Мухаммед словно преобразился. Он был весел, милостиво шутил, с ласковой улыбкой слушал речи придворных и воителей. Не обращая внимания на предостерегающий взгляд своего главного хакима, даже султан пригубил чарку меда, отвечая на здравицу, поднятую в его честь мунтянским князем Басарабом. Султан не любил чернявого мунтянского князя и его крикливых и льстивых, то заносчивых, то валяющихся в пыли бояр. Мухаммед охотно отдал бы их всех своему Кара-Али и его подручным. Но мунтяне были нужны, они знали здешние места и, не годясь для того, чтобы сражаться в первых рядах, неплохо служили в дозорах и караулах, в разъездах, собиравших добычу и полон.

— Храбрейшие мои и вернейшие! — твердым и звучным голосом, гремевшим на полях многих битв, ответствовал султан. — Правоверные и вы, пребывающие в заблуждении, но дружественные и верные нашему знамени высокородные беи и бояре Земли Мунтянской. Эта война — плод безумия нечестивого Штефана Молдавского — последняя война, в коей наше соединенное оружие, встретив щит вражеского коварства, не принесла полного и скорого уничтожения непокорных. Безумный здешний бей, не смея снова встретиться с нами в открытом бою, множит козни и предательские удары в спину османам и их друзьям. Сегодня, однако, с чистым сердцем могу сказать вам: победа близка, мои верные и отважные! Об этом глаголет мне мир, ниспосланный душе всевышним, об этом — вещие знамения, начертанные среди звезд священной рукой пророка — да благословит его аллах и приветствует!

Сдержанный гул почтительного одобрения наполнил легкий шатер падишаха.
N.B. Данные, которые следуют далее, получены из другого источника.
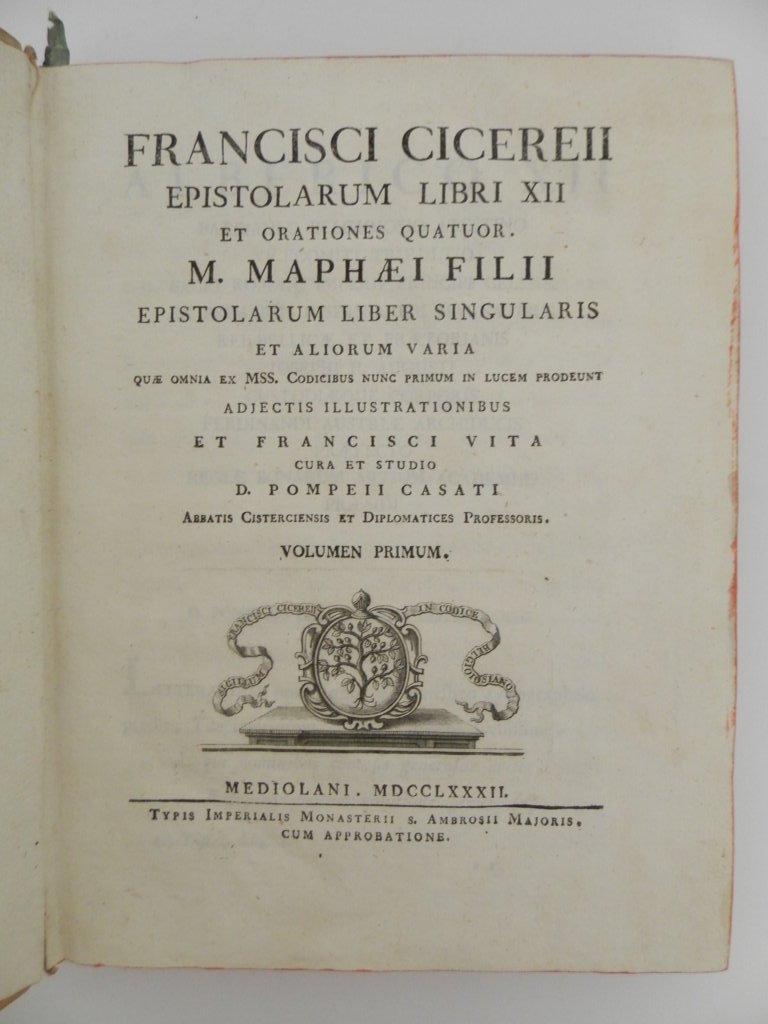 Francisci Cicereii epistolarum libri XII et orationes quatuor. M. Maphaei filii epistolarum liber singularis et aliorum varia quae omnia ex mss. codicibus nunc primum in lucem prodeunt adjectis illustrationibus et Francisci vita cura et studio D. Pompeii Casati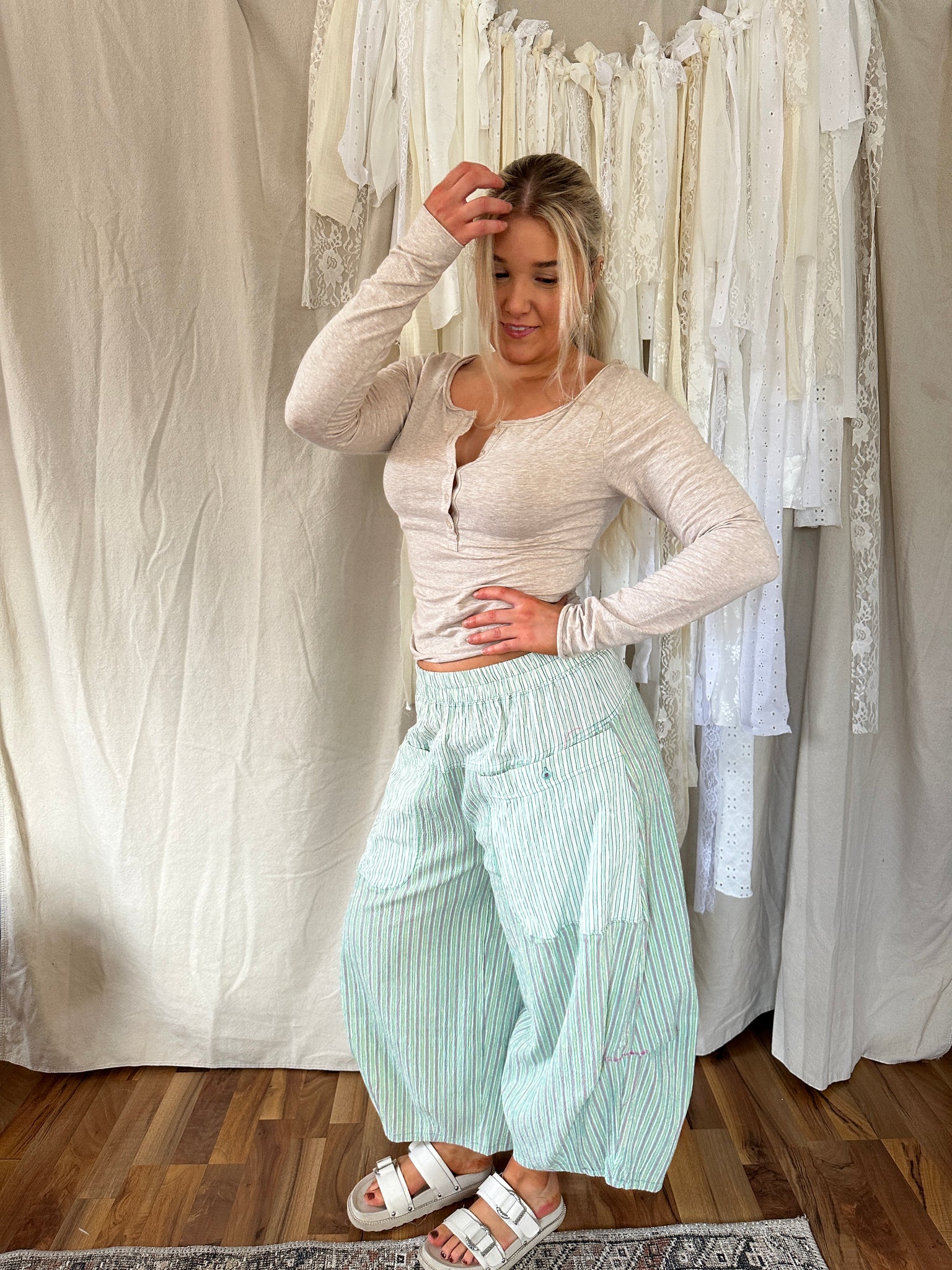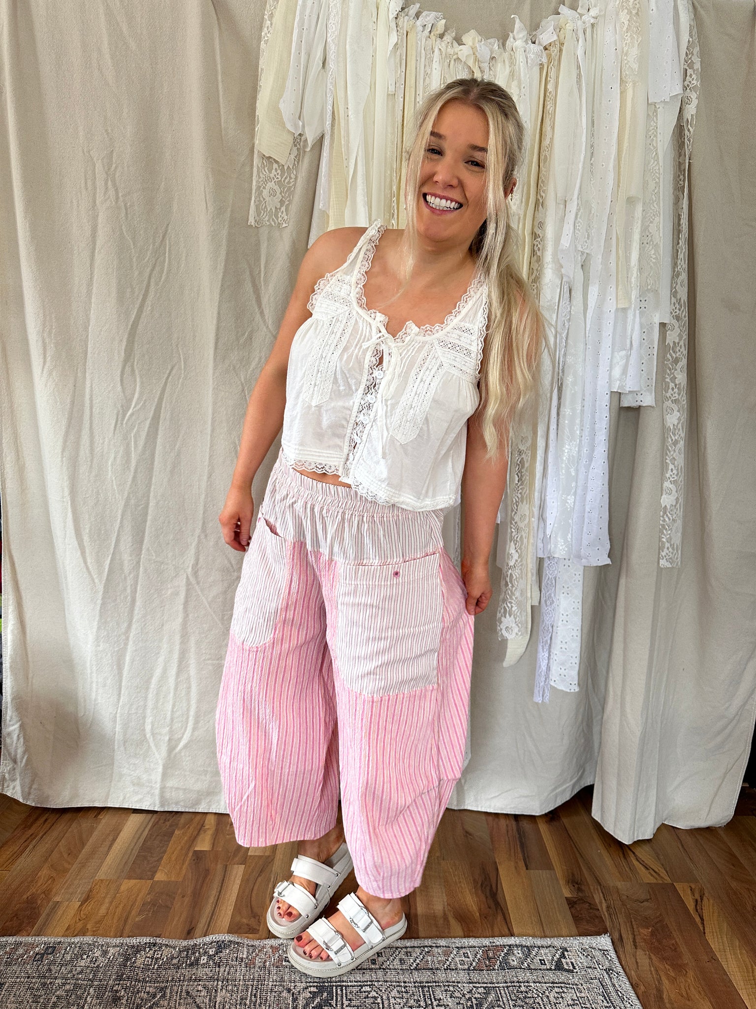 Meet the pant you’ll reach for on slow mornings and sunny afternoons. These Pant features lightweight breathable fabric with soft vertical striping and color block panel details for a relaxed, lived-in feel. 95% COTTON, 5% SPANDEX 100%COTTON

— Это последняя война, которую можно так назвать, — продолжал султан, чуть наклонившись вперед на невысоком переносном престоле из позолоченного бамбука, разглядывая соратников вселявшими во всех ужас светлыми выпуклыми глазами. — Ибо за пределами сей земли нашему могуществу не будет больше преград, аллах всесильный и вечный отдаст нам окрестные земли во славу ислама. Я говорю вам: сражайтесь и верьте, будьте стойки в последних сих невзгодах и горестях, ибо склоняет уже аллах всеведущий рубиновую чашу весов победы на сторону верных. Когда же рухнет страна бея Штефана, когда вслед за нею, оставшись без сего зерцала, падут Польша и Венгрия и сдастся на нашу милость Венеция, столь долго не покоряющаяся своей немилосердной судьбе, — тогда и прочие земли Мира тьмы не устоят пред светом ислама. И на земле воцарится вечный мир, до самого Западного моря, у коего нет уже другого берега.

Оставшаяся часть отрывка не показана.